R. Sim. Foi uma oitiva informal pela Corregedoria, que está em segredo de Justiça. Foi informal mas está gravado. Eu não estava presente, mas a mãe do garoto estava e ela disse-me que ficou o tempo todo na sala. Ele contou que não tinha arma nenhuma e que só contou a versão da arma e dos tiros porque os policiais o ameaçaram. Uma criança de 11 anos! Ele disse claramente que não houve confronto algum. Eles furtaram o carro, Ítalo dirigiu, foram perseguidos e nunca houve arma ou tiro de Ítalo.
R. São evidentes os indícios de que a PM executou uma criança de 10 anos.
R. Porque o caso foi colocado em segredo de Justiça.
R. É péssimo. O segredo de Justiça em geral concorre para a impunidade. Porque segredo de Justiça? Não é para proteger o menino ou as famílias. Com o segredo, tudo fica nebuloso.

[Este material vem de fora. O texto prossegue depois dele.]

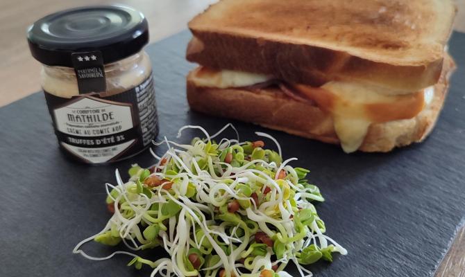 Sandwich scarmoza, coppa et truffe d'été
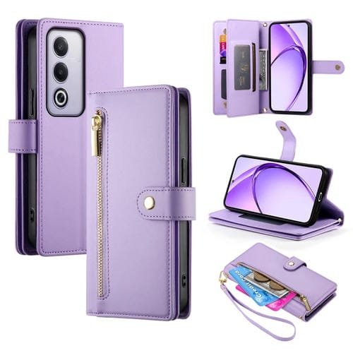 Funda de Cuero para Teléfono con Nueve Ranuras para Tarjetas y Cremallera para Oppo A3 Pro Global (Morado)
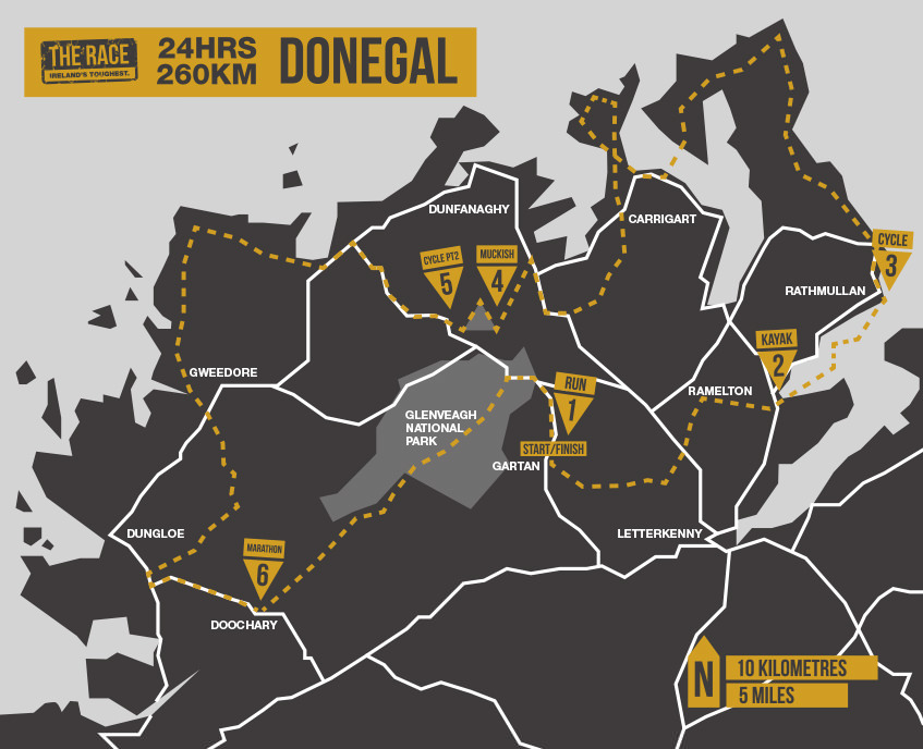 The race is a multisport run (22K) – kaiak (15K) – cycle (100K) – run (5K) – cycle (75K) – run (43K) event taking place leading the athletes through the most norther part of Ireland. The race director is David Burnes, a young guy who did a 16’000 km treck from Istanbul to Shanghai by cycling, running and rafting. „Those who compete in and complete The Race will be those who refuse to give up“ he was saying on the website and his statement at the race briefing was clear: „we’ve tried to make it really tough for you“.

R. As declarações tanto do governador como do secretário de Segurança (Mágino Barbosa Filho) manifestam nas entrelinhas apoio à ação dos policiais antes de qualquer investigação. Na verdade, nem é tão nas entrelinhas assim. O governador diz que Ítalo estava armado. E o secretário de Segurança que a ação foi “legítima”. Tudo insinua uma ação para acobertar o crime. Tenho receio do direcionamento das investigações depois das declarações das duas mais altas autoridades do Estado em segurança.

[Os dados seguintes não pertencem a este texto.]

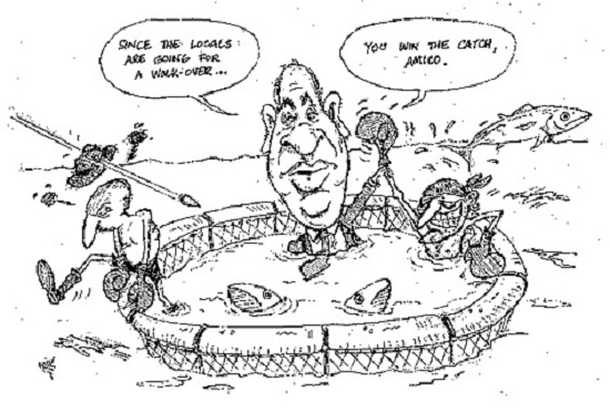 2.Για marketing και επεξεργασία των προϊόντων υδατοκαλλιέργειας και αλιείας 78 εκ. Ποσό που θα πριμοδοτήσει την ανάπτυξη των μεγάλων αλιευτικών επιχειρήσεων σε βάρος του μεροκαματιάρη ψαρά που πουλά τα ψάρια «χέρι – χέρι» και εναποθέτει τις ελπίδες του για επιβίωση σε 5 – 10 «μεγάλες» ψαριές κάθε χρόνο, οι οποίες πλέον με τις ποσοστώσεις θα κινδυνεύουν να χαρακτηριστούν παράνομες. (Όποιος προλάβει τον άλλο, πριν «κλείσει» η ποσόστωση)
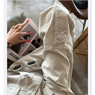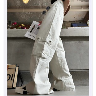 牛仔裤 高腰宽松直筒工装 秋冬兜盖口袋阔腿拖地长裤 猫猫家加长女裤
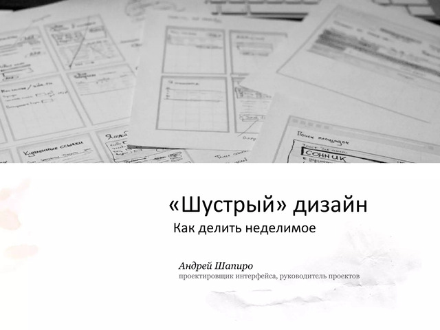 Общее стремление одновременно повысить скорость и качество разработки, приводит к тому, что специалисты в области опыта взаимодействия всё чаще включаются в agile-команды. Как лучше устроить процесс с этом случае. Что следует проектировать сначала, что можно проектировать независимо и что можно отложить на будущие итерации без страха получить несочленимые компоненты. Как без ущерба разделить то, что, по определению, должно быть целостным.
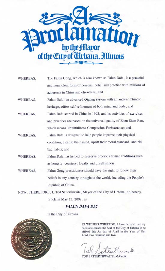 鉴于,法轮大法的目的是帮助人们改善他们的身体状况,纯净他们的思想,提高他们的道德标准,摒弃陋习;并且

R. Sim. Tenho sido ameaçado pelo que chamo de “guerrilha virtual”. Agora diminuiu, porque fiquei uns dias sem falar com a imprensa. Mas nos primeiros dias foi uma avalanche de comentários em minhas postagens no Facebook, mensagens inbox e emails. Mas isso não me fará parar, eles tentam mas não intimidam.

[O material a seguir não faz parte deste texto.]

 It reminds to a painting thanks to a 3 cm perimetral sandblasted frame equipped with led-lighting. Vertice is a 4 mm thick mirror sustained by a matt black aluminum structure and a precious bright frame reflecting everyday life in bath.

R. O que as pessoas esperam? Quando ele nasceu, o pai estava preso e a mãe foi presa logo a seguir. Sabe como ele sobreviveu? As moradoras da favela do Piolho que tinham bebê revezavam-se para amamentar Ítalo. Ele era uma criança filha de uma família em crise profunda, criada na rua, que pediu socorro dezenas de vezes e não foi ouvido. Essa criança passou por 20 vezes em Conselhos Tutelares. Os conselhos falharam, os abrigos, os serviços de abordagem social da Prefeitura, a Vara e a Promotoria da Infância e da Juventude… Todos os órgãos da infância e da juventude falharam ao não acolher esta criança que gritava por socorro.